Reference Interaction Site Model (RISM) は、分子性液体の統計力学理論として出発し、RISM-SCFおよび3D-RISMへの進化を経て、計算化学における強力なフレームワークへと成長した。PCMの「効率性」とMDの「微視的詳細さ」の間のギャップを埋めるこの手法は、溶媒の構造的性質が物性や反応を支配する系において、他には代えがたい知見を提供する。

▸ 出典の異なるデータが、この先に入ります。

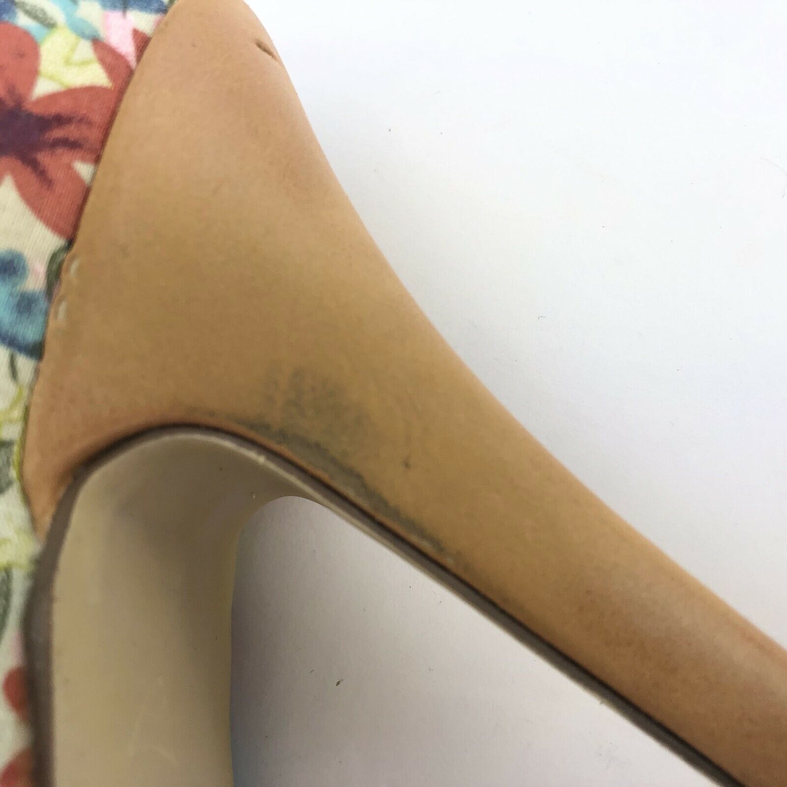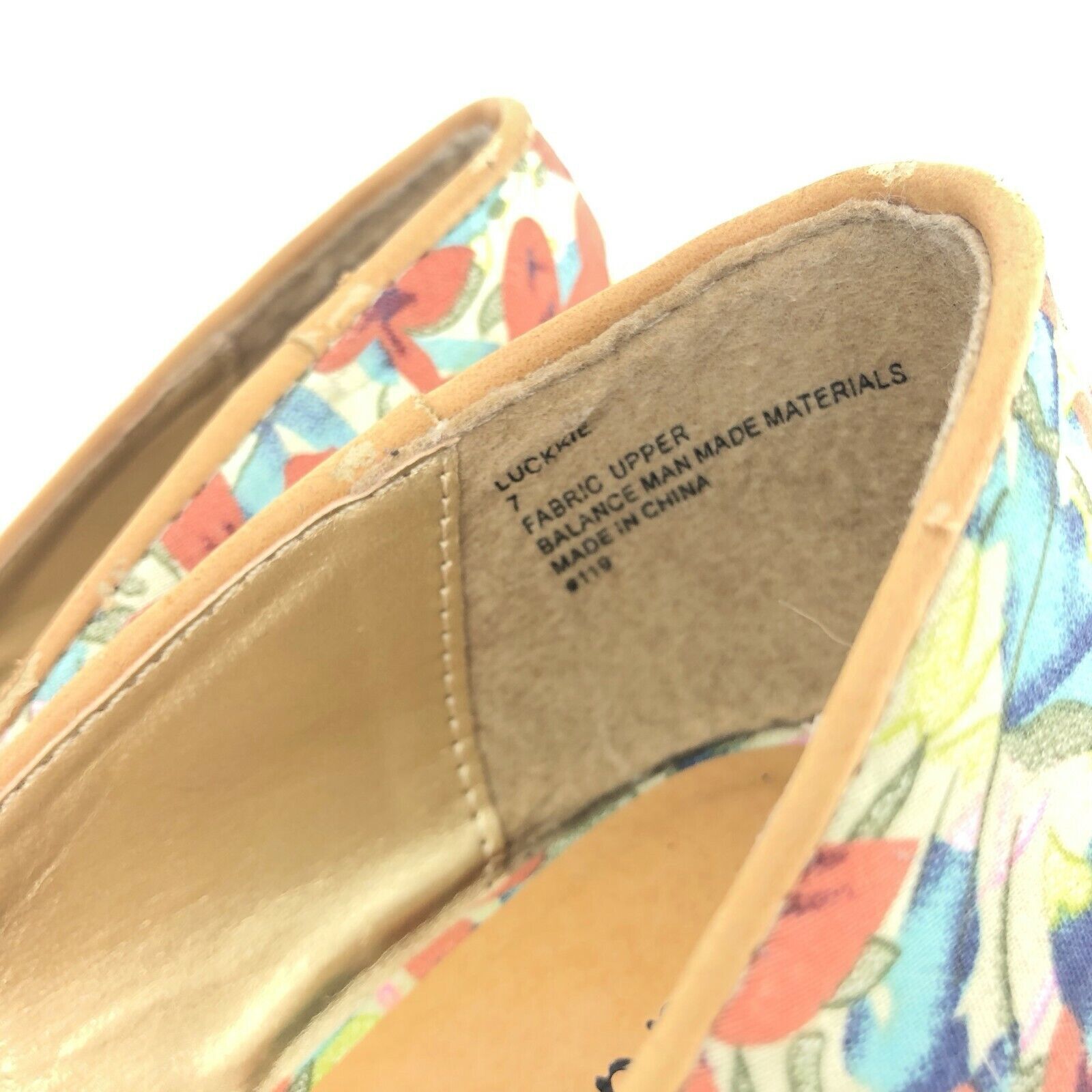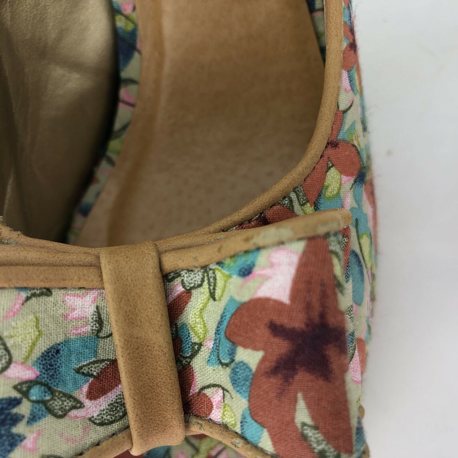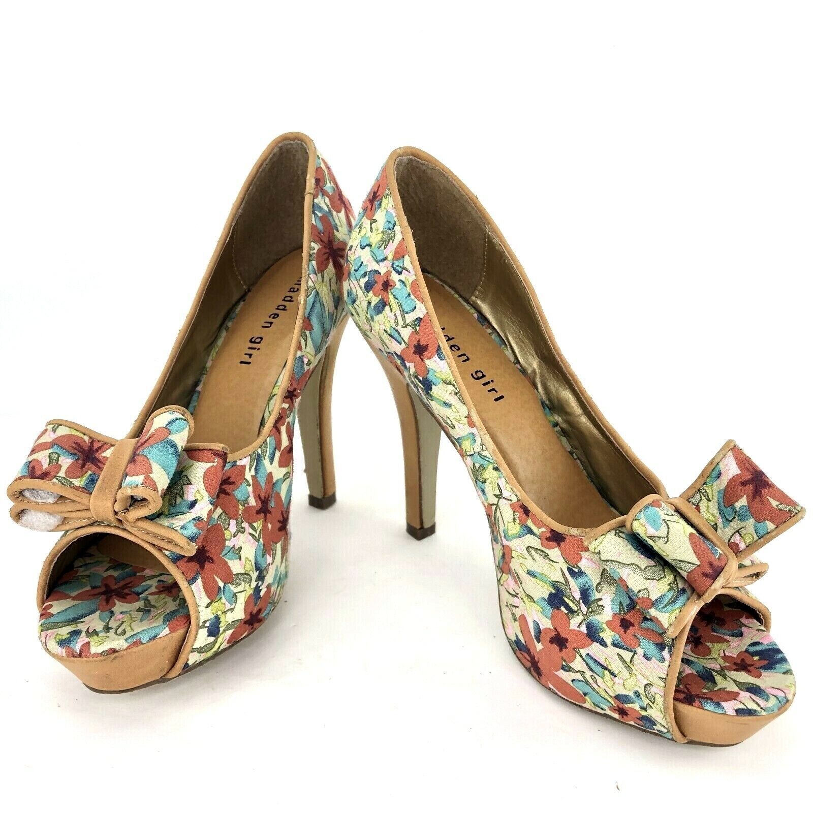 Madden Girl Lukkie Size 7 Floral Open Toe Pump Bow Orange Blue Tan Slip On

数値的な不安定性やClosure近似の精度限界といった課題は依然として存在するが、KH近似や新たな汎関数理論（Free Energy Gradient法など）の導入、さらにはマルチグリッド法などによるアルゴリズムの高速化によって、その適用範囲は拡大し続けている。今後、電極界面反応やソフトマターの自己組織化など、複雑な不均一系に対する標準的な解析手法としての地位をさらに固めていくことが期待される。

参考文献#

Original RISM Formulation: D. Chandler and H. C. Andersen, Optimized Cluster Expansions for Classical Fluids. II. Theory of Molecular Liquids, J. Chem. Phys. 57, 1930 (1972).
RISM-SCF (Hybrid Approach): S. Ten-no, F. Hirata, and S. Kato, A hybrid approach for the solvent effect on the electronic structure of a solute based on the RISM and Hartree-Fock equations, Chem. Phys. Lett. 214, 391 (1993).
Application to Carbonyls: S. Ten-no, F. Hirata, and S. Kato, Reference interaction site model self-consistent field study for solvation effect on carbonyl compounds in aqueous solution, J. Chem. Phys. 100, 7443 (1994).
3D-RISM and KS-DFT: A. Kovalenko and F. Hirata, Self-consistent description of a metal-water interface by the Kohn-Sham density functional theory and the three-dimensional reference interaction site model, J. Chem. Phys. 110, 10095 (1999).
Review of RISM-SCF: F. Hirata (Ed.), Molecular Theory of Solvation, Kluwer Academic Publishers (2003).